Mais qu’il s’agisse des négateurs de « l'Empire du Bien » (Philippe Muray) ou de Michel Houellebecq, le problème ne cesse pas de se porter sur le « rapport à l’autre que moi ». Celui qui pense déviant, c'est toujours l'autre que moi, à condition que "moi" soit au pouvoir. Sauf qu'aujourd'hui, c'est Michel Foucault qui est au pouvoir. Enfin, pas lui : ses adeptes confits en dévotion anti-étatique et anti-normative. Ce sont eux qui tiennent les rênes de la loi : la tolérance aux déviances sera totale. De même que l'intolérance aux subversifs qui osent encore poser le mot « déviance » sur certains comportements.

Les « philosophes de la déconstruction » (Foucault, Derrida, Deleuze, pour faire vite) sont les penseurs de la déconstruction de la société en tant tant qu'ensemble structuré. Poussés par l'idéologie, ils n'ont rien compris à l'essence de la socialité : accepter des limites aux droits de l'individu.

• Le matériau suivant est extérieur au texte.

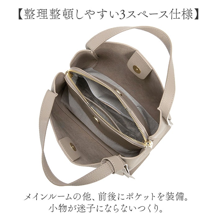 | 商品説明 | 【シンプルかつ上品な大人のバッグ】オン・オフ問わず使えて万能◎高級感のある2way仕様の「ショルダーバッグ」。【落ち着きのある雰囲気を素敵に演出】手触り滑らかなスプリットレザーを使用。スタイリッシュで、キレイめコーデにもマッチ。【お好みに合わせてスタイルチェンジ】手持ちではもちろん!長さ調節可能なベルトを取り付けて、肩掛けや斜め掛けも自在。【キレイなシルエットをキープ】しっかりとしたマチで、型崩れしにくい!荷物を入れていない状態でも自立。【整理整頓しやすい3スペース仕様】メインルームの他、前後にポケットを装備。小物が迷子にならないつくり。【開閉スムーズ、安心のファスナー式】メインはガバっと開いて取り出しやすく、ファスナーを閉じればプライバシーも確保。【マストアイテムをひとまとめ】折り財布やミニポーチなどがすっぽり。細々したものを入れておける内ポケット付き。(※)メインルームの底面は縫い付けられておりません。【マグネットボタンでワンタッチ開閉】力いらずで開閉できる前後ポケット。スマホなど使用頻度の高い小物を収納。【お気に入りを選べるカラー】飽きが来ず、長く愛用できる!落ち着きのあるカラーをラインナップ。【ポケット仕様】メインルーム内側:ファスナーポケット×1、オープンポケット×1メインルー前後:マグネット式ポケット×2 |
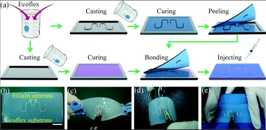 可拉伸微流控天線的示意圖和光學(xué)顯微圖:a)微流控天線的制造工藝;b)蛇形微流控天線的設(shè)計(jì)參數(shù);c–e)半波偶極子天線被扭曲、彎曲和拉伸。
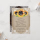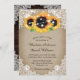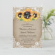 Convites de casamento de girassol rústico elegantes ideais para um país rústico, quintal, jardim ou festa de casamento de celeiro inspirados em flores de girassol. Itens de correspondência disponíveis para complementar estes convites de casamento rústicos com girassóis em um fundo de burlap adornado com rendas florais brancas e luzes de cordas. Madeira de celeiro e renda na parte de trás do cartão.
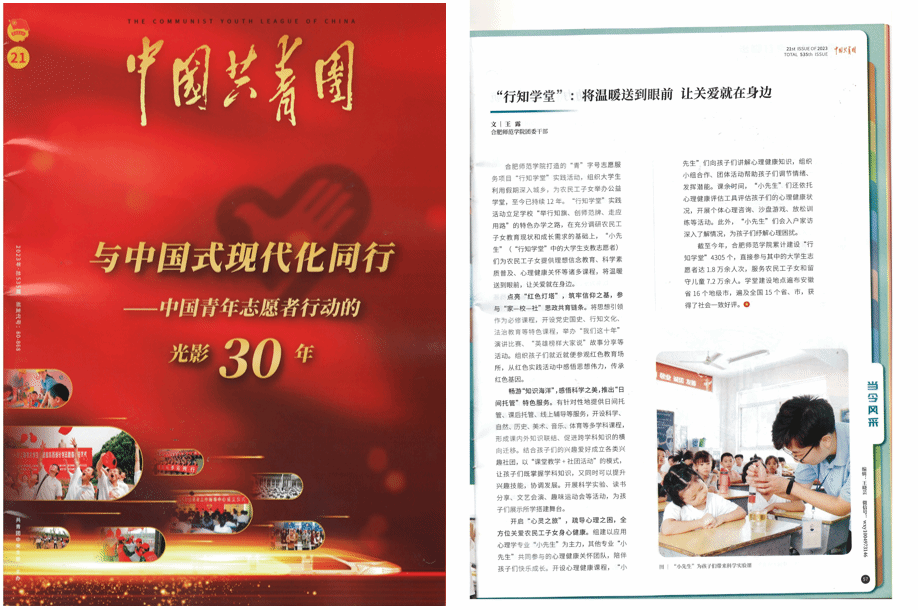 由共青团中央主办的《中国共青团》杂志在2023年第21期推出专刊《与中国式现代化同行——中国青年志愿者行动的光影30年》,在《志愿服务的青春脚步2010年5月》当今风采栏目中,以《“行知学堂”:将温暖送到眼前 让关爱就在身边》为题,用较大篇幅对我院“行知学堂”实践活动进行了全面报道和大力推介。报道围绕“点亮红色灯塔”“畅游知识海洋”“开启心灵之旅”三个方面,介绍了行知学堂开展思想政治引领、科学普及、心理辅导等特色课程,以及参与思政育人链条、推出“日间托管”服务、关爱农民工子女身心健康等方面的特色做法。这是《中国共青团》杂志第三次对我院进行报道,进一步凸显了“行知学堂”实践活动的品牌效应和社会影响力。(院团委)
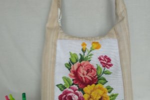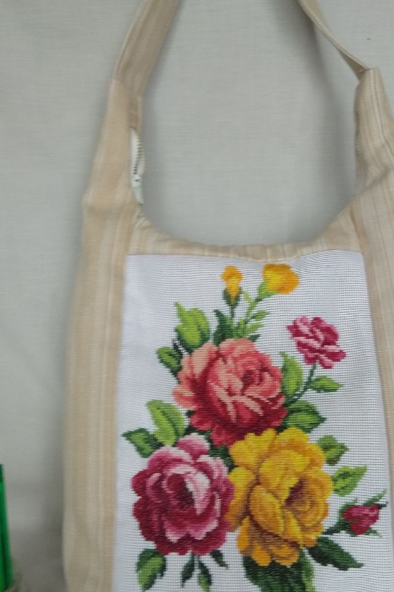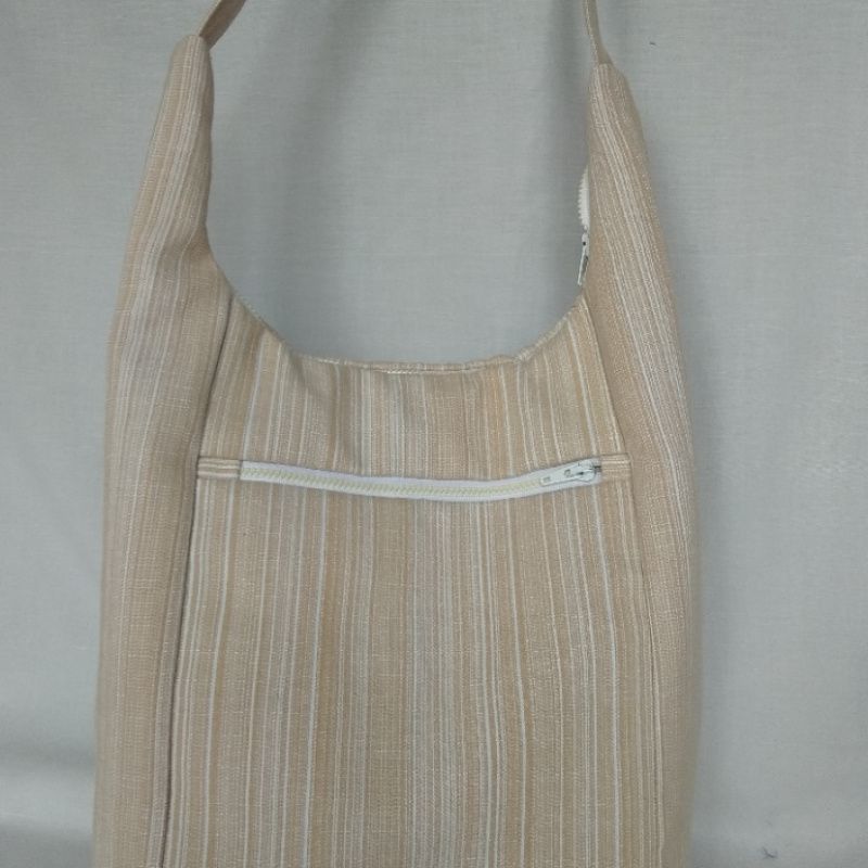Сумочках-торба ручної роботи на блискавці із щільної тканини, додатково проклеєна дублерином, ззаду кишеня на блискавці, всередині накладна кишеня, підкладка бавовна, довжина ручки 43 см

A force de soutenir qu'on n'est déviant (Foucault et les fous, Foucault et les prisonniers, Foucault et les anormaux, ...) qu'à cause de l'arbitraire de l'ordre établi, on constate qu'il suffit d'arriver au pouvoir pour inverser la nature de la déviance. Si Michel Foucault, grand militant de la réhabilitation de la déviance dans sa dignité pleine et entière, n'était pas mort du sida trop tôt, nul doute qu'il aurait été ministre pour instaurer la dénonciation de la nouvelle déviance comme moyen de gouvernement.

Mais ce n'était que partie remise : ses descendants ont accompli la chose. Et ce sont ceux qui soutiennent qu'il existe des déviances dans les comportements qui sont alors eux-mêmes considérés comme déviants. Dans le fond, tout dépend si on est au pouvoir ou pas.

Les nouveaux déviants, les indésirables d'aujourd'hui, les nuisibles qui persistent à voir du Mal dans le nouvel « Empire du Bien », ne sont plus dans le même camp : il est tacitement convenu qu'il faut être « progressiste ». Il faut être, comme Laurent Joffrin, du côté de ceux à qui les « conservateurs » et autres « Nouveaux réactionnaires » donnent envie de vomir.  Le seul moyen d'y voir clair, c'est de se demander qui, à un moment donné, est détenteur du pouvoir. Je veux dire : qui est en mesure de décréter urbi et orbi ce qui est le seul Bien, le seul « Vrai Bien » admissible. Rétrospectivement, c'est instructif.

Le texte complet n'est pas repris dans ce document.